Countries will attempt to recover all lost productivity, such was the case after the 2008 global financial crisis. During 2008, global greenhouse gas emissions fell by 3%, after the global recovery, the emissions returned to normal and every year since then they have risen consistently.

As countries plan their recovery, trying to get people back into work, opening businesses, kickstarting closed industries and boosting global trade, we must ask how much of business-as-usual should we keep business-as-usual. 

Recovery packages, especially for industrialised countries, should aim to prioritise sustainability and shared prosperity, with a renewed perspective on the relationships between communities and the environment around them. 

We should not just be satisfied by the wonder of photos of a cleaner environment, we should strive to rebuild our economies so they foster greater harmony between the built world and the natural world.

After recessions, like the one we are projected to head into, it is unlikely every person who lost their job would be re-employed at the same workplace. Some might not ever find a job again. The case often is that the unemployment rate after recovery is higher than it was before the crisis, and young people will experience this for the longest period post-coronavirus.

To address this, countries should build climate mitigation and adaptation programs using investment or through direct intervention, employing unemployed citizens to play a role in expanding the production of renewable energy, cleaning our waterways and caring for land, and to carbon farm so as to draw down carbon-dioxide from the atmosphere.

This strategy addresses long-term unemployment that is inevitable after the pandemic, and also starts making inroads for reducing the environmental footprint of humanity.

Alongside re-thinking our relationship with nature, we should re-think how our societies operate.

As those who had the luxury of working from home worked from home, the office was stripped bare and shown to be redundant. More businesses and workplaces should explore working from home as the default option, freeing up congested highways and freeing up peak hour train services. 

Meetings between co-workers, between managers, and even between Premiers, Prime Ministers, and Presidents, all shifted online. This should really be the norm. 
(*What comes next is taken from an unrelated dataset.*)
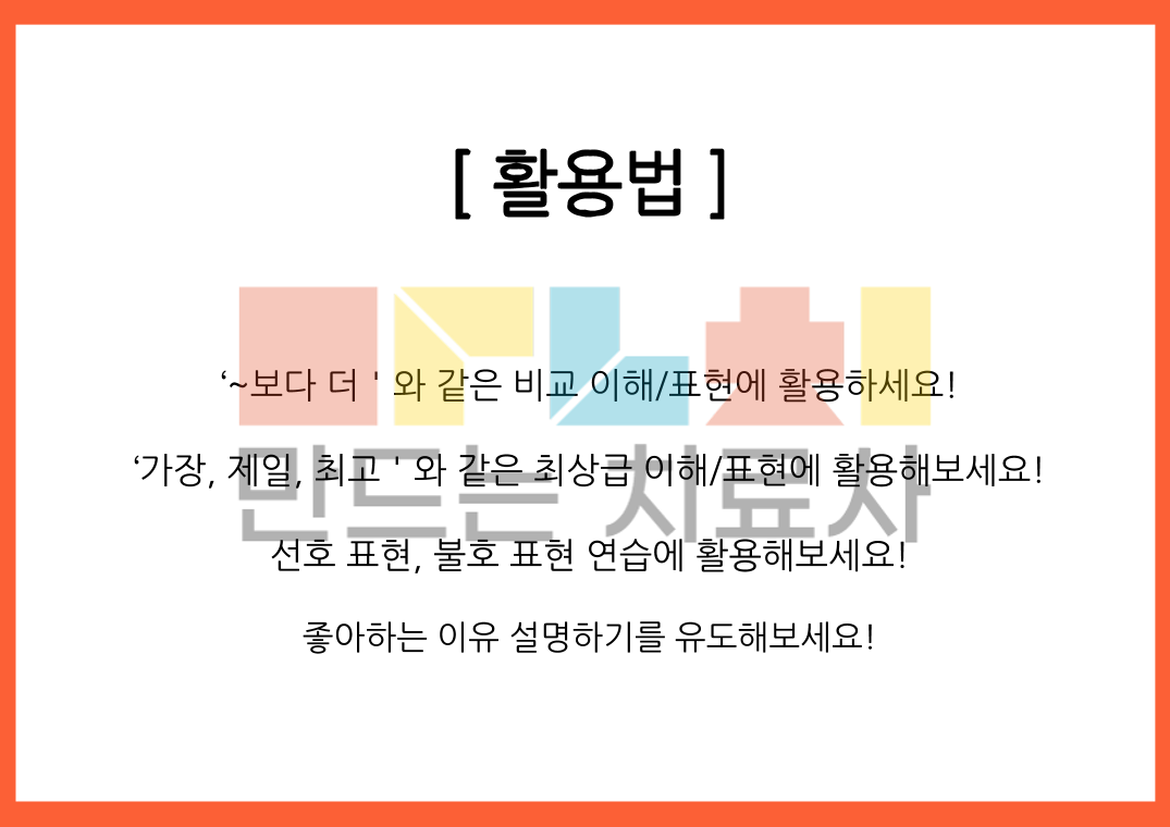 ‘~보다 더'와 같은 비교 이해/표현에 활용하세요! ‘가장, 제일, 최고'와 같은 최상급 이해/표현에 활용해보세요! 선호 표현, 불호 표현 연습에 활용해보세요! 강한 이유, 귀여운 이유 설명하기를 유도해보세요!

Physical meetings are appreciated, the spontaneous creativity and problem-solving in the corners of rooms, and networking in corridors are irreplaceable, but surely where we can replace a car ride or a flight with a conference call we should, offsetting potential emissions.

This would, of course, mean a greater focus on education and early-childhood education so that parents don’t have to be stressed out by managing work from home while their young children demand a hundred per cent of their attention. Education and early childhood education are among the most feminised workplaces, a renewed focus in this area would expand female participation in the workforce and deliver better working conditions, especially for early-childhood educators.

Another facet of our society that has been revealed during the pandemic is that the essential workers we have all been thanking are under-appreciated and under-valued. 

We have learnt who truly keeps our communities running: the healthcare workers, the grocery store workers, delivery drivers, cleaners, teachers and educators, public transport workers. Rather than continue looking down at these workers like many of us have done in the past, their work should be recognised and rewarded accordingly. 

Any opportunity we have to rebuild society to be more sustainable, more inclusive, and kinder to nature should not be wasted. 

We saw the photos and watched the video of revitalised wildlife, vibrant landscapes, and clean skies as we were locked indoors.

Let’s not leave them as just viral media but instead let them inspire us to create greater harmony between ourselves and with the natural world around us.